Mar 11th, 2010 | By sspencer | Category: General Comments

I have never written a blog about the trade setup I’m about to discuss. For the most part we share pretty openly the setups and techniques we use on a daily basis to make money. I have been contacted by many developing traders who actually can’t believe the amount of information we provide free of charge via our blog.

There are a few setups that I have been reluctant to discuss for fear that somehow the trades would become more crowded and impact my ability to make money. Most likely that fear is unwarranted as trading is about finding setups that work for YOU and figuring out how to best trade them. Even if I were to discuss the following trade setup during our AM Meeting 80%+ of our desk would not make the trade because either it is not part of their playbook or they would be focused on a different stock when the setup triggered.

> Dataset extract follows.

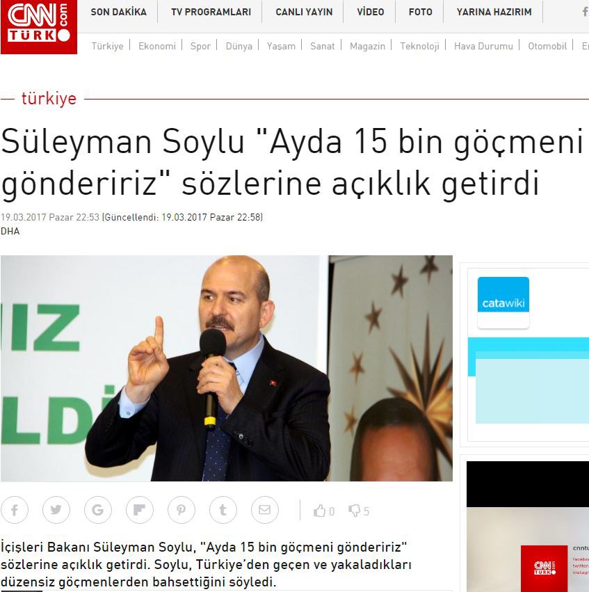 Προκλητικός εμφανίστηκε, νωρίτερα σήμερα, ο υπουργός Εσωτερικών της Τουρκίας Σουλεϊμάν Σοϊλού, ο οποίος την περασμένη εβδομάδα απείλησε ότι η χώρα του ενδέχεται να αφήνει να φεύγουν για την Ευρώπη 15.000 άνθρωποι.«Δεν εννοούσα πρόσφυγες, αλλά παράνομους μετανάστες» δήλωσε ο Σοϊλού, υποστηρίζοντας ότι αναφερόταν σε όσους προσπαθούν ούτως ή άλλως να φτάσουν σε άλλες χώρες δια θαλάσσης.Κατηγόρησε, μάλιστα, την αντιπολίτευση και τα ΜΜΕ στην Τουρκία ότι διαστρέβλωσαν τα λόγια του για χάρη της αντιπολίτευσης μιλώντας στην επαρχία Εντιρνέ το βράδυ της Κυριακής.«Τότε γιατί ήμαστε στην Τζαραμπλούς (σ.σ. στη Συρία); Γίναμε ασπίδα προστασίας για 30.000 ανθρώπους εκεί» είπε ο Σοϊλού.Σύμφωνα με τον ίδιο, η Τουρκία ανά μήνα το 2016 συλλάμβανε 15.000 μετανάστες που προσπαθούσαν να περάσουν από τη θάλασσα σε άλλες χώρες.«Εμείς τηρήσαμε τη συμφωνία, αλλά η Ευρώπη δεν τήρησε ούτε ένα άρθρο. Δεν έχουν την πρόθεση να το κάνουν γιατί το μόνο που κάνουν είναι να υπολογίζουν τα νούμερα μέρα και νύχτα», κατέληξε ο Σοϊλού.

The trade is a fade trade based on a breakout on heavy volume during the prior trading day. On the second day the stock opens higher than the prior day’s breakout price. You buy the stock when it drops to the breakout price. You are relying on the fact that those who paid on the prior day’s breakout are willing to defend the stock at that price, and those who missed the initial breakout may initiate a position at that price as well.

The example from today was FSLR. Yesterday it popped on big volume from 110. This morning when it pulled back there it was bought. There was a huge surge in volume and it traded up four points in 15 minutes. Depending on the time of day and what the box looks like when it hits your entry price will help you to determine how much size to have for the play. But this is a trade I am willing to make 100% of the time. The risk to reward is generally greater than 1:10.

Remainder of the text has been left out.